What can the regression results tell us? The regression results provide one national model with one coefficient per covariate. They provide a useful national summary. Yet they do not help us explain local heterogeneity. The baseline model in fact conceals place-specific differences, which are revealed once, we map the OLS residuals (see below). If broad regional blocks are consistently over- or under-predicted, then a constant-intercept, constant-slope model is likely to be too rigid for the pattern we are trying to explain.

plot_ols_residuals <- ggplot(adm2_risk) +
  # Map residuals to see where the national model fits poorly
  geom_sf(aes(fill = ols_residual), colour = "white", linewidth = 0.08) +
  scale_fill_course_div_c(
    name = "OLS\nresidual",
    labels = label_percent(accuracy = 1)
  ) +
  labs(
    title = "OLS residuals across localities"
  ) +
  theme_map_course()

print(plot_ols_residuals)

The broader conclusion from our results above is that accessibility is unequal across localities in Uruguay. That pattern motivates the spatial heterogeneity question. If the highest and lowest values are not evenly distributed, it is plausible that the same covariates do not operate identically everywhere. Spatial heterogeneity is manifested by observing different values in different places. Yet, it is fundamentally about whether the process itself may be working under different conditions across space, so that the relationship between accessibility and its covariates changes from one territorial context to another. In applied terms, the same increase in hospital supply, the same level of rurality, or the same age structure may not translate into the same accessibility outcome everywhere because places differ in settlement structure, transport connections, service organisation and wider regional context.

6.6 Modelling spatial heterogeneity

What we need is modelling strategies that handle spatial heterogeneity. We cover two complementary ways to handle spatial heterogeneity. The first spatial fixed effects allows each department to have its own intercept, assuming slopes remain constant. Allowing only the intercept to vary means that different places are allowed to begin from different baseline levels of the outcome, while the effect of each explanatory variable is still assumed to be the same everywhere. A spatial fixed-effects model recognises that places may differ because of unobserved background conditions such as history, institutions, geography, policy context, or other local characteristics that are not fully captured by the observed covariates. What it does not allow is for the relationship between the predictors and the outcome to change across space. Spatial fixed effects capture differences in level, but not differences in process. Places may start higher or lower, but the same covariates are still assumed to operate in the same way everywhere.

The second spatial regimes goes further by allowing the relationships between the covariates and the outcome to vary across broader regional groupings. A spatial regimes model goes one step further by allowing not only the baseline level of the outcome to differ across regions, but also the relationship between the explanatory variables and the outcome itself to vary across space. This means we no longer assume that the same process operates everywhere in the same way. Instead, the effect of a predictor can be stronger, weaker, or even different in sign depending on the regional context. This is useful when we think that places are not only starting from different baseline conditions, but are also shaped by different structural contexts, institutional arrangements, service systems or territorial dynamics. In that sense, spatial regimes capture differences in process as well as differences in level, because they allow the model to reflect the possibility that the same covariate does not have the same meaning or effect everywhere.
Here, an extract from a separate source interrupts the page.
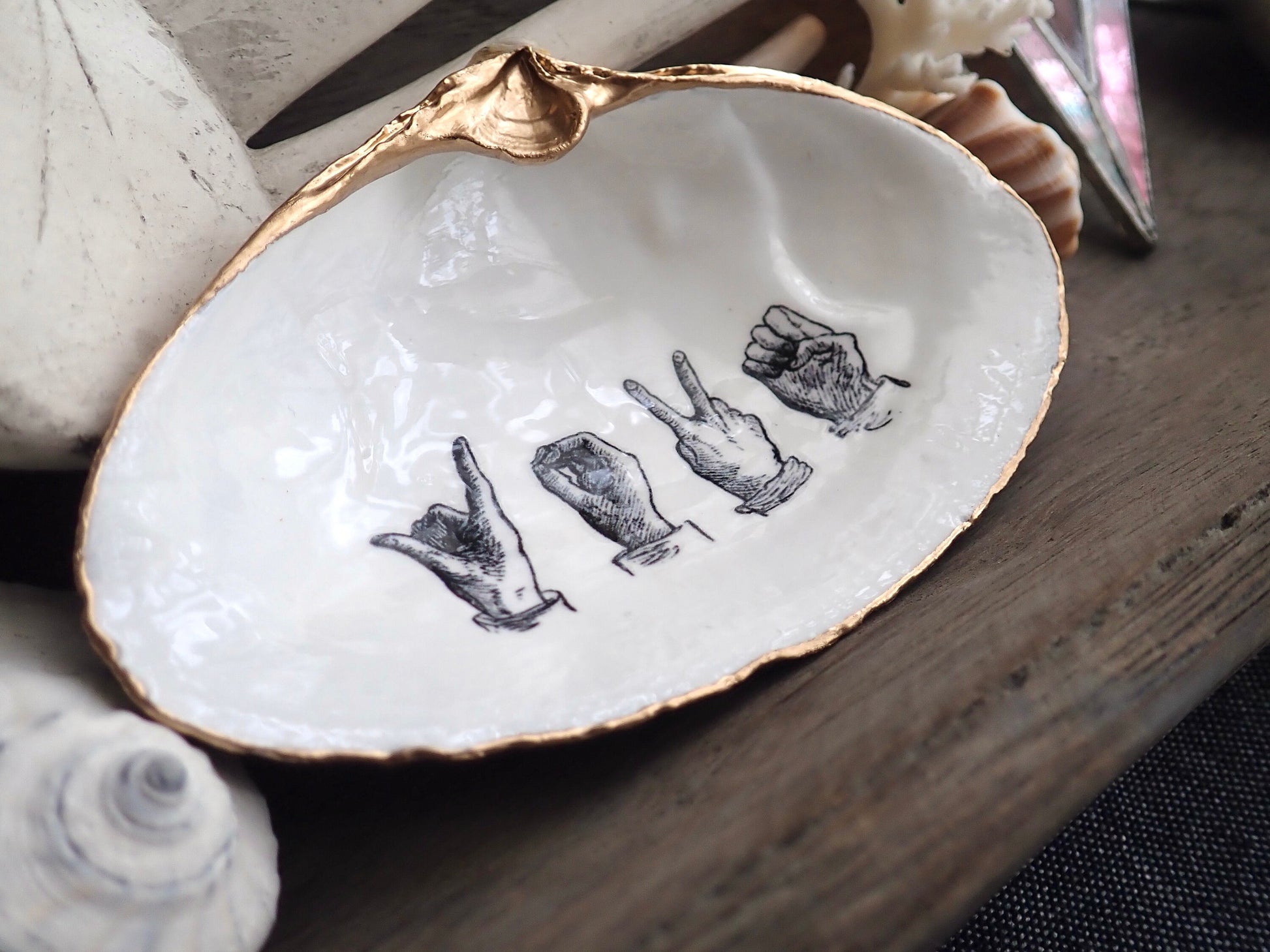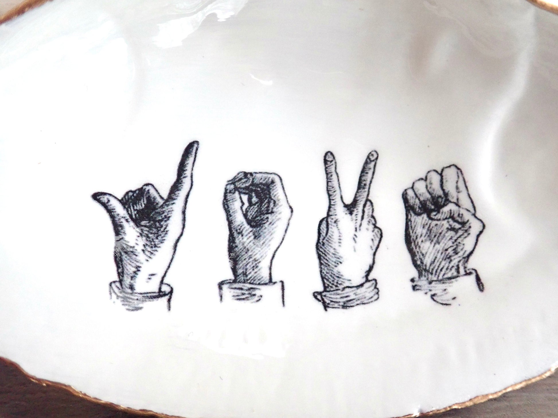 American Sign Language "Love" Decoupage Clam Shell Trinket Dish

6.6.1 Spatial fixed effects

We will use departments or ADM1 as spatial fixed effects. Such a model capture persistent department-level differences that are hard to measure directly, we do not have data to measure, or remain unobserved. Intuitivaly the model addresses he following question: do some departments still sit systematically above or below the national intercept, after controlling for rurality, age structure, and hospital count?
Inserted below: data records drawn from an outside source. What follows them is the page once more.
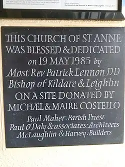 The current church was built in 1985 on land donated by Michael and Máire Costello. It was dedicated in 1985 by Patrick Lennon, Catholic Bishop of Kildare and Leighlin.[9]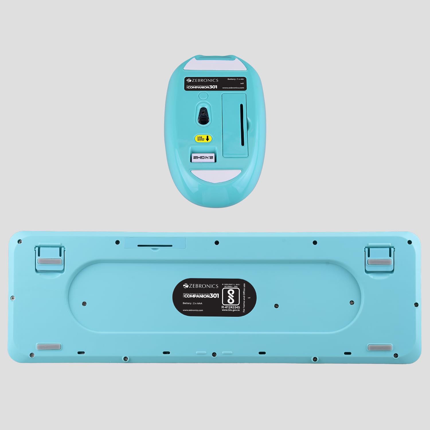 ZEBRONICS Companion 301 2.4GHz Wireless Keyboard & Mouse Combo with UV Printed, Retro Style Keys, 104 + 12 Integrated Multimedia Keys, 1600 DPI, High Precision (Aqua Green)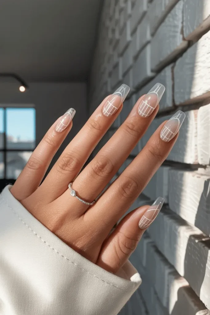 These dreamy nails combine a sheer gray base with delicate white gridlines for a look that’s utterly unique. The barely-there color creates an almost glass-like effect while the geometric patterns add architectural interest. This soft blue ombre snowflake nails adjacent style brings winter sophistication to your fingertips.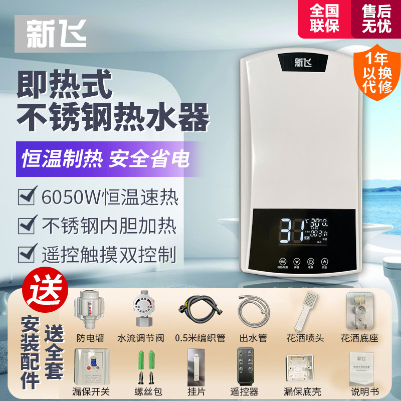 新飞即热式电热水器家用变频恒温卫生间廊理发店免储水小型速热式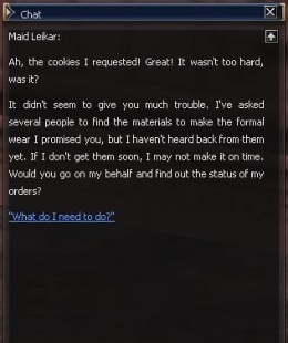 сделать просимую одежду, но пошлет вас к Maid Leikar. Примите квест.

# Let each ADM1 department have its own intercept while keeping common slopes
fe_model <- lm(
  hospital_access_30min_share ~ rural_pop_perc + elderly_share + hospitals_count + ADM1_ES,
  data = adm2_risk |> st_drop_geometry()
)

# Keep the non-fixed-effect coefficients in a short comparison table
fe_main_coefficients <- tidy(fe_model, conf.int = TRUE) |>
  filter(!str_detect(term, "^ADM1_ES")) |>
  mutate(
    across(c(estimate, conf.low, conf.high), round, 3),
    p.value = round(p.value, 4)
  )

fe_main_coefficients

# A tibble: 4 × 7
  term            estimate std.error statistic p.value conf.low conf.high
  <chr>              <dbl>     <dbl>     <dbl>   <dbl>    <dbl>     <dbl>
1 (Intercept)        0.184  0.145         1.27  0.206    -0.102     0.47 
2 rural_pop_perc    -0.003  0.000735     -4.57  0        -0.005    -0.002
3 elderly_share      1.94   0.563         3.44  0.0007    0.824     3.05 
4 hospitals_count    0.119  0.0293        4.07  0.0001    0.061     0.177

# Reconstruct the department-specific intercept adjustments for mapping
reference_adm1 <- levels(model.frame(fe_model)$ADM1_ES)[1]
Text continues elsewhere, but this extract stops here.